In 2021 and 2022, 80 out of a total of 10,596 BCEHS calls pertaining to children aged 0 to 12 years were coded as cases involving respiratory or cardiac arrest. This represents 0.8% of overall pediatric calls. While infrequent, these occurrences, categorized as "High Acuity, Low Occurrence" (HALO) calls, can be inherently stressful. It has been documented that Survival is less than 10% for pediatric patients following out-of-hospital cardiac arrest (Tijssen,2015).

When managing pediatric cardiac arrests, priority is placed on delivering high-quality cardiopulmonary resuscitation (CPR) in conjunction with effective airway management. It may be challenging to immediately discern if a child's pulse is below 60 BPM. One partner may begin establishing airway management techniques if intrinsic respirations are deemed ineffective, while the other partner can focus on physically obtaining an accurate pulse reading. This may seem to prioritize airway management over initiation of compressions but in reality, these interventions should be happening simultaneously.
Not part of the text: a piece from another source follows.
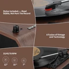 Vintage style record player with multiple functions Retro-styled record player with modern features, including Bluetooth connectivity, FM radio, and USB/TF card compatibility. Effortless operation with no setup required, accommodating all sizes of vinyl at 3 speeds, enhanced by an easy-to-use LED screen. Wireless Bluetooth capability for seamless music streaming from mobile devices, and the option to connect with Bluetooth speakers for an alternative audio experience. Versatile audio input options, such as aux in, USB, and TF card playback, with the ability to digitize vinyl tracks onto USB drives and TF cards for long-term preservation. Upgrade from traditional turntables, boasting dual stereo built-in speakers for visually appealing and sonically balanced sound delivery.

Upon establishing optimal oxygenation and proficient CPR, the attachment of a defibrillator assumes significance to discern the presence of a shockable rhythm. Pediatric cardiac arrests are not frequently cardiac in nature, so the application of a defibrillator should be considered only after establishment of effective airway management and high-quality CPR. Special considerations for cases involving blunt chest trauma, electrocution, cardiac history, or congenital heart anomalies may warrant expedited defibrillator application, given the heightened probability of ventricular tachycardia or ventricular fibrillation.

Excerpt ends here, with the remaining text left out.